▶ _WHAT IS BEING ASKED_:
The line containing "Coated implantable medical" marks the end; return exactly every line from the start of the records up to and including it, but no pictures.

###

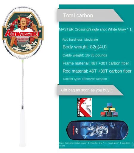 Kawasaki-Raquette De Badminton Master Cross Space,Entièrement En Carbone,Entraînement De Compétition,Tir Unique,Haut De Gamme,Hommes Et Femmes - Type White-With String
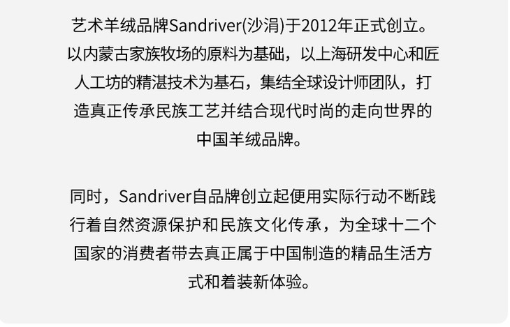历年在巴黎时装周亮相,享誉世界的艺术羊绒品牌[Sandriver 沙涓]由羊绒布道者郭秀玲女士创立。阿拉善自有牧场纯种羔羊绒,日本国宝设计师小筱顺子,上海自有基地精工细作。承载羊绒情怀,坚持匠人品质。
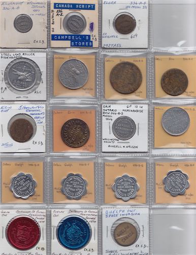 Includes: Bo 336-A-E to A-G Campbell's Elora Rev: 5, 2 and 1; T.E. Bissell Elora ad token; as previous but different die; T.J. Hamilton Erin Rev: $1, 25c and 10c; Bo 344-B-A B-D Russell & Nelson Erin Rev: 1.oo and 10; Bo 452-A-B F. Hurndall Guelph Rev: 50c; Bo 452-B-E to B-H Kandy Kitchen Rev: 20, 15, 10 and 5; (red) 1874-1974 Agricultural College; (blue) as previous; Guelph space invasion. F to EF. 18 Pcs.
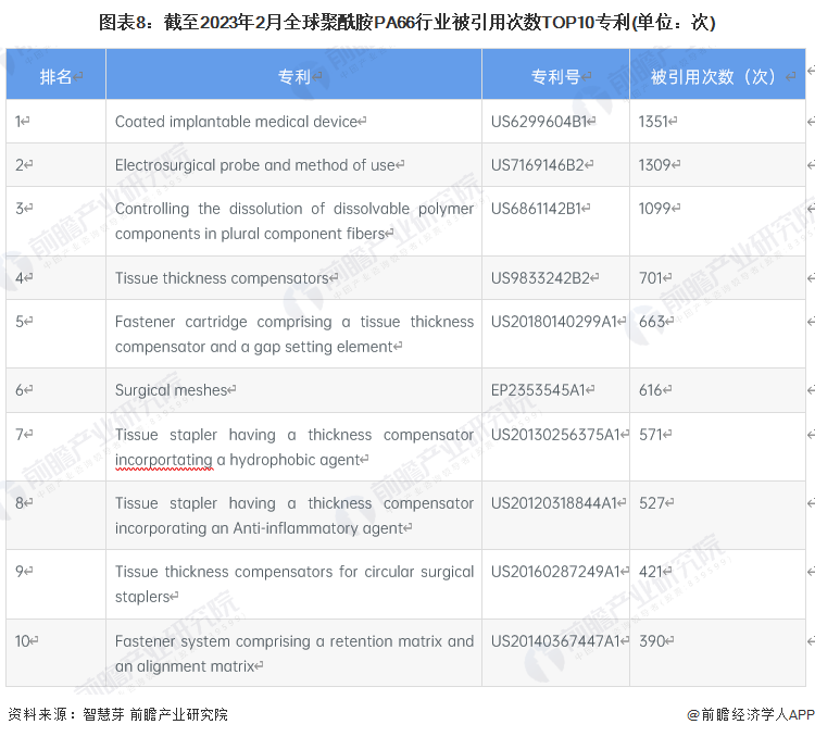 Coated implantable medical device(专利号:US6299604B1)和Electrosurgical probe and method of use(专利号:US7169146B2)是被引用次数最多的两大聚酰胺PA66专利,两者被引用次数均超过1300次。其它被引用次数前十大专利如下所示:
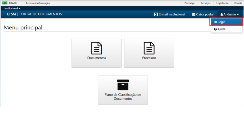 1. Acessar o Portal Documentos e efetuar o login, com o número da matrícula e a senha do portal do aluno.
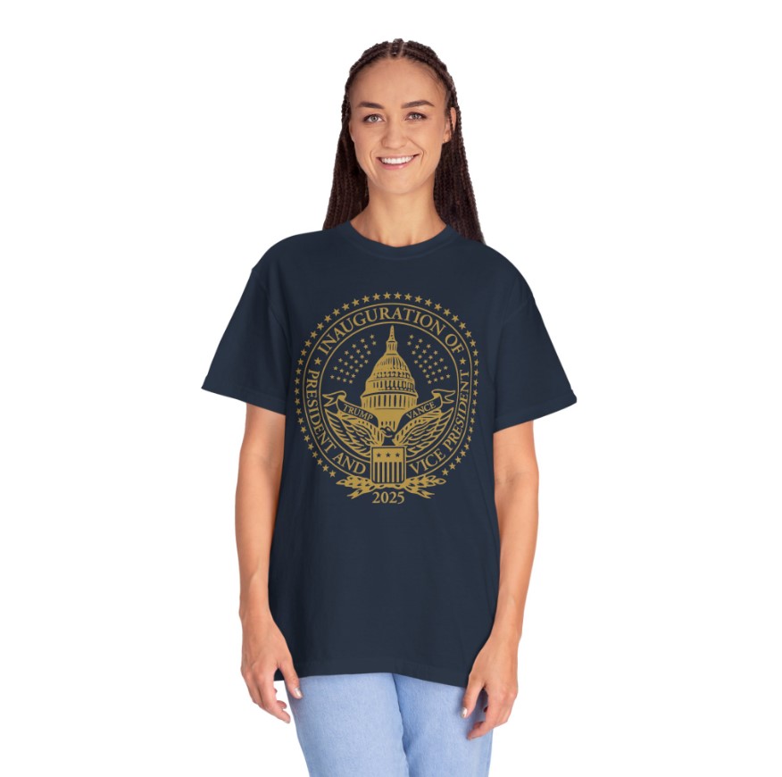Celebrate the historic 2025 inauguration of President Donald Trump with this exclusive commemorative T-shirt.

###

▶ _RESPONSE AREA_:
 Kawasaki-Raquette De Badminton Master Cross Space,Entièrement En Carbone,Entraînement De Compétition,Tir Unique,Haut De Gamme,Hommes Et Femmes - Type White-With String
历年在巴黎时装周亮相,享誉世界的艺术羊绒品牌[Sandriver 沙涓]由羊绒布道者郭秀玲女士创立。阿拉善自有牧场纯种羔羊绒,日本国宝设计师小筱顺子,上海自有基地精工细作。承载羊绒情怀,坚持匠人品质。
 Includes: Bo 336-A-E to A-G Campbell's Elora Rev: 5, 2 and 1; T.E. Bissell Elora ad token; as previous but different die; T.J. Hamilton Erin Rev: $1, 25c and 10c; Bo 344-B-A B-D Russell & Nelson Erin Rev: 1.oo and 10; Bo 452-A-B F. Hurndall Guelph Rev: 50c; Bo 452-B-E to B-H Kandy Kitchen Rev: 20, 15, 10 and 5; (red) 1874-1974 Agricultural College; (blue) as previous; Guelph space invasion. F to EF. 18 Pcs.
 Coated implantable medical device(专利号:US6299604B1)和Electrosurgical probe and method of use(专利号:US7169146B2)是被引用次数最多的两大聚酰胺PA66专利,两者被引用次数均超过1300次。其它被引用次数前十大专利如下所示:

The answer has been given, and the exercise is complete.